* EXERCISE DIRECTIONS *
After locating the line with "会上,各成员单位共同签署了《" in the entries below, output it and each following line up to and including the line with "Egy gyönyörű spirálisan", exactly and without pictures.

* SUPPLIED MATERIAL *
▽
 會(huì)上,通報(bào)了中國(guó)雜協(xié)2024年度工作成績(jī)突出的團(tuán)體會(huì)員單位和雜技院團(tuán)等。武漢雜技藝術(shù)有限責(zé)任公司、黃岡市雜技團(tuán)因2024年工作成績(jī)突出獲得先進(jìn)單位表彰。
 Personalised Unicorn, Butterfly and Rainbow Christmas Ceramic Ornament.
△
▽
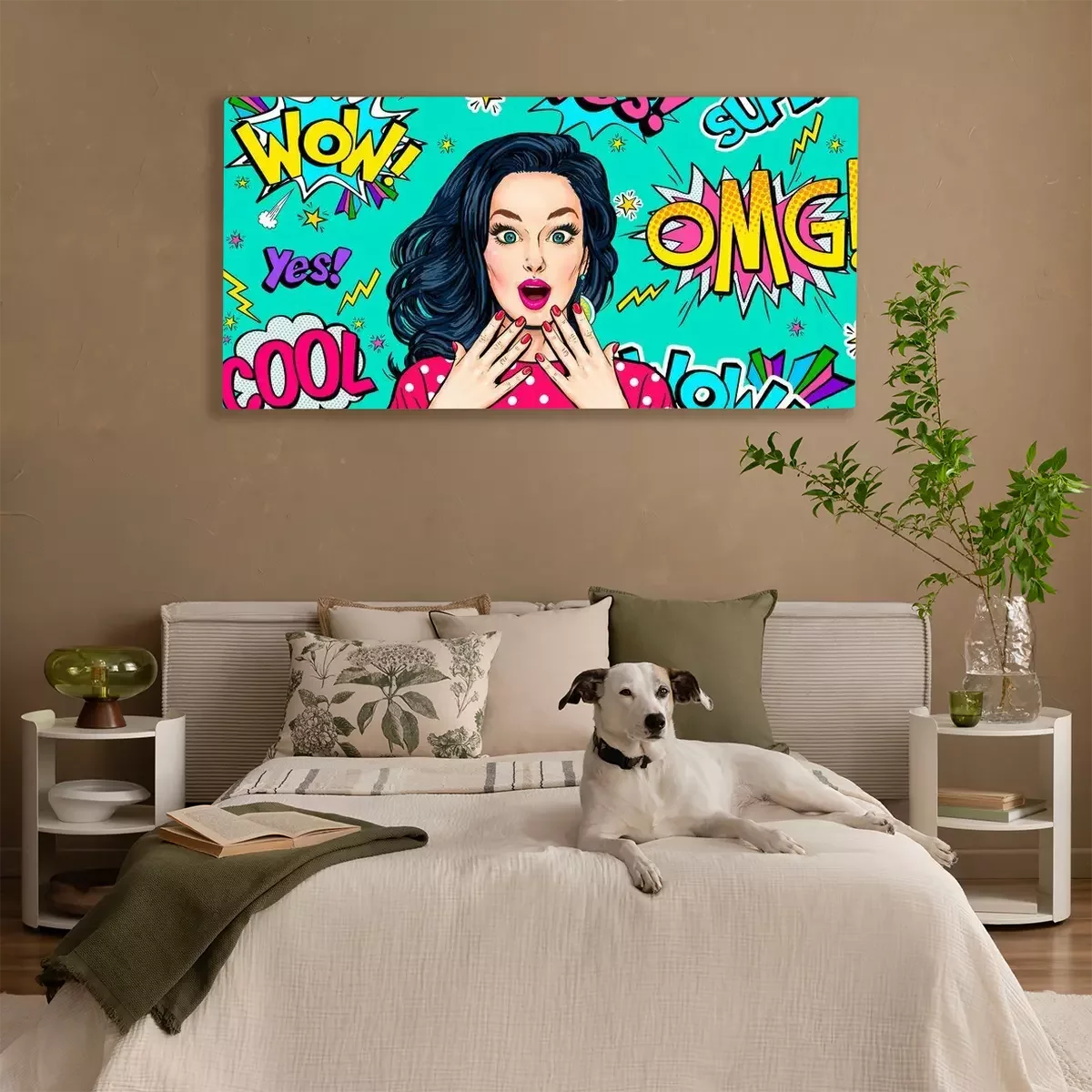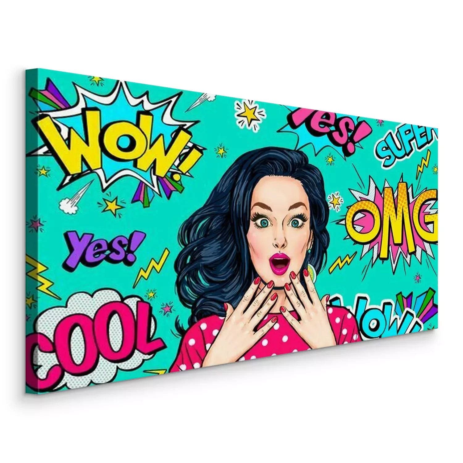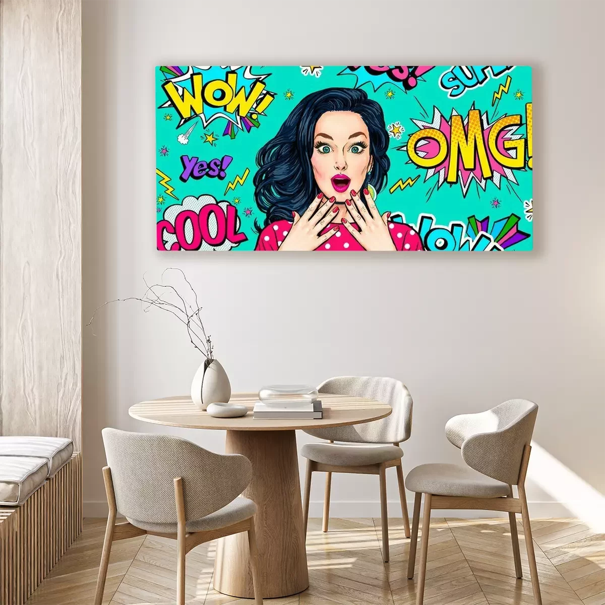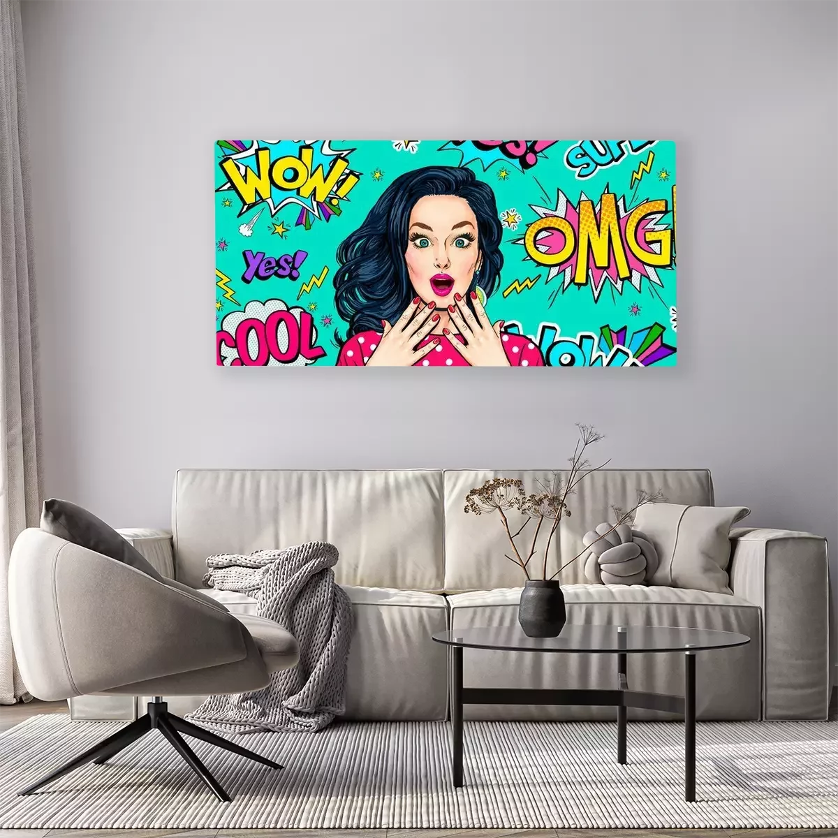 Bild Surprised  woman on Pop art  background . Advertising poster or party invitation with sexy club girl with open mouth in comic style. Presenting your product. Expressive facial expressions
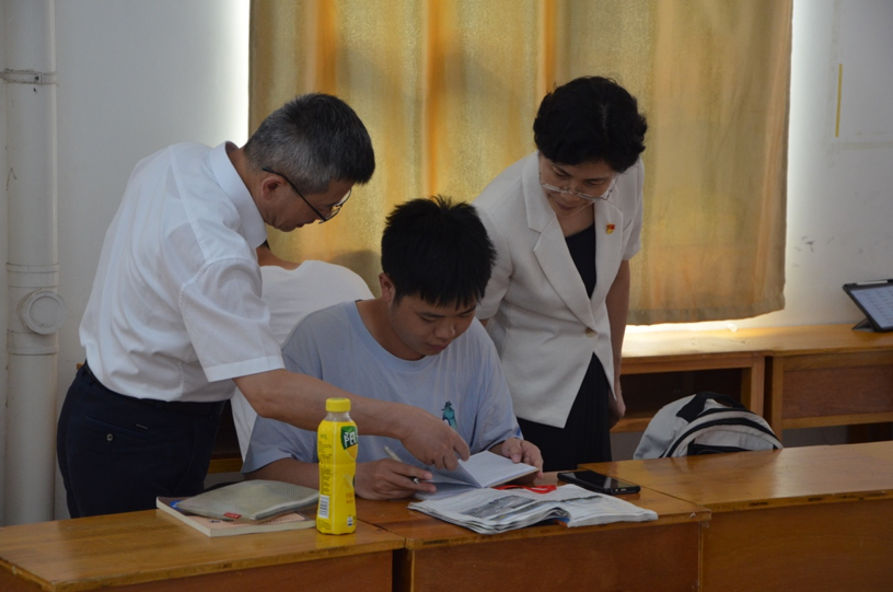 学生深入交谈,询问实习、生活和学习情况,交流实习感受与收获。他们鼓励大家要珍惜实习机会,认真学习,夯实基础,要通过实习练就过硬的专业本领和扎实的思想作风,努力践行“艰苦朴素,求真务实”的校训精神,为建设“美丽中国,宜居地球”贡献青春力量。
△
▽
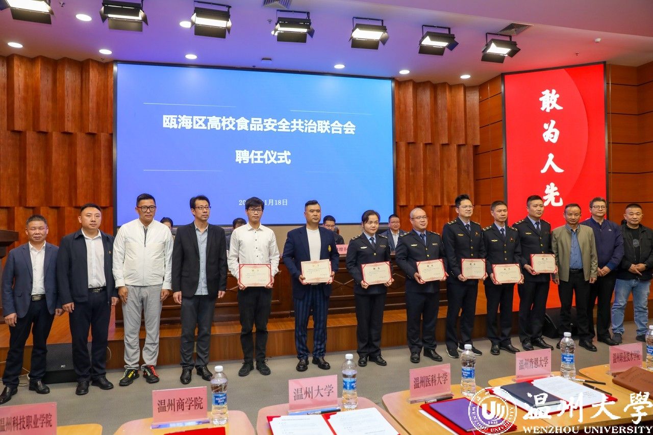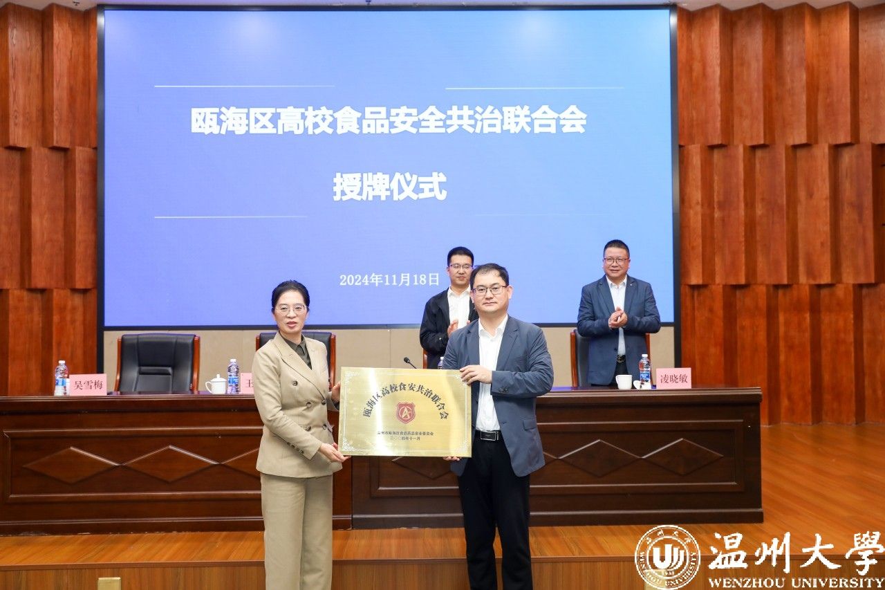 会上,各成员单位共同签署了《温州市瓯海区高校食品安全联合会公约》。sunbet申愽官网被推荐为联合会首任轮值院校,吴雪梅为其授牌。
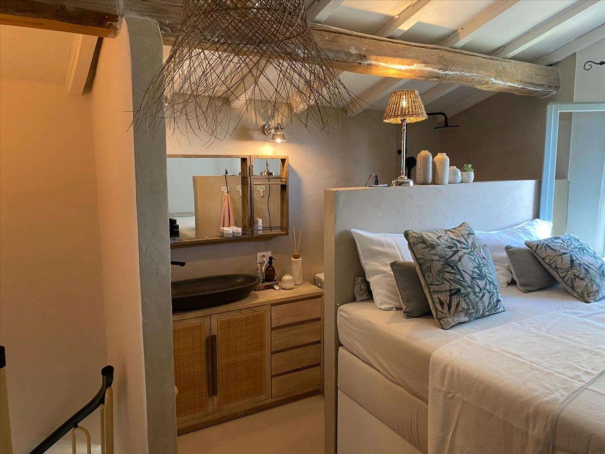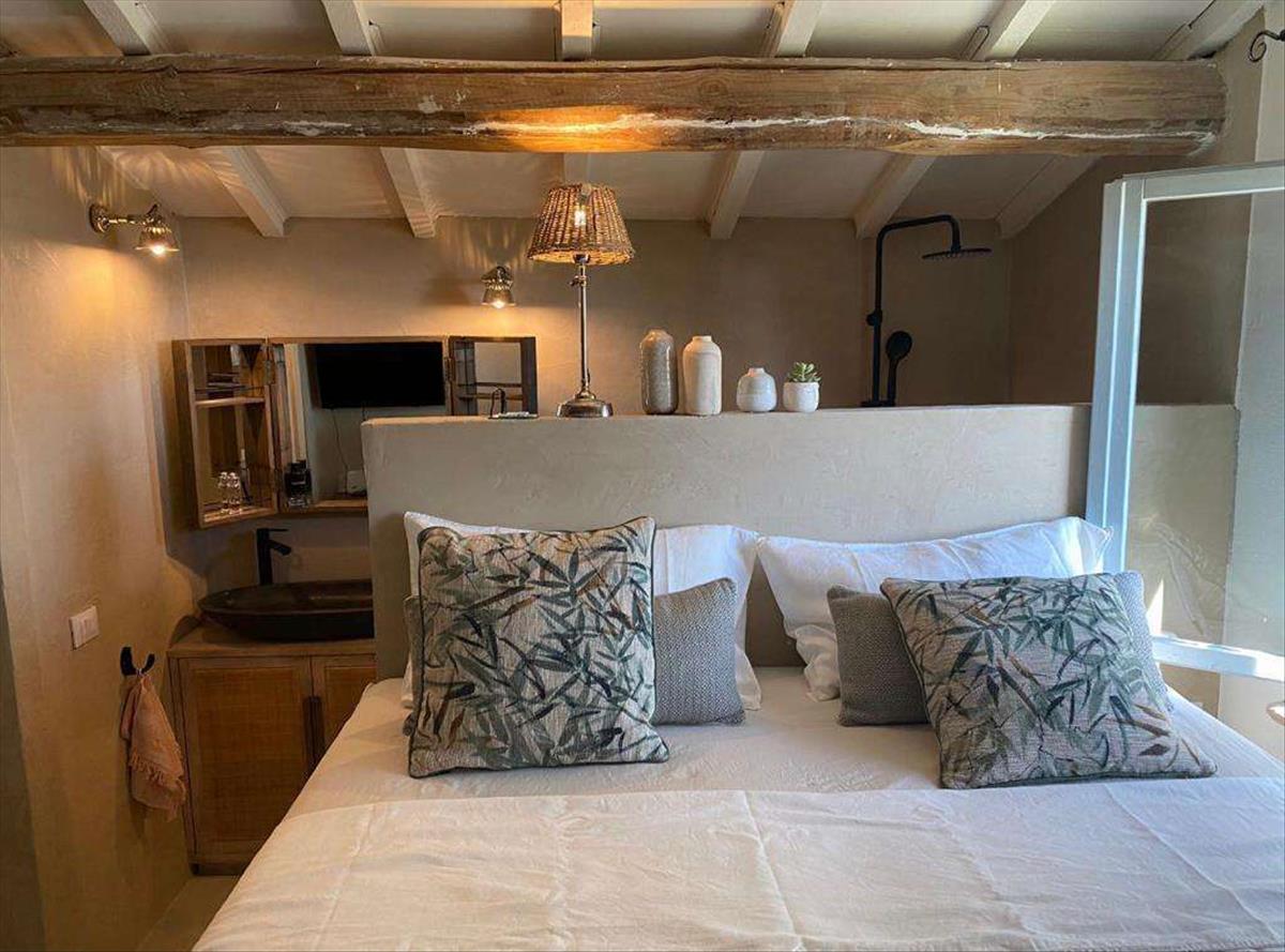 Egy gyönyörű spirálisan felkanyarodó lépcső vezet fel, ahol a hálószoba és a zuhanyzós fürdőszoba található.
△
* EXERCISE ANSWER *
 会上,各成员单位共同签署了《温州市瓯海区高校食品安全联合会公约》。sunbet申愽官网被推荐为联合会首任轮值院校,吴雪梅为其授牌。
 Egy gyönyörű spirálisan felkanyarodó lépcső vezet fel, ahol a hálószoba és a zuhanyzós fürdőszoba található.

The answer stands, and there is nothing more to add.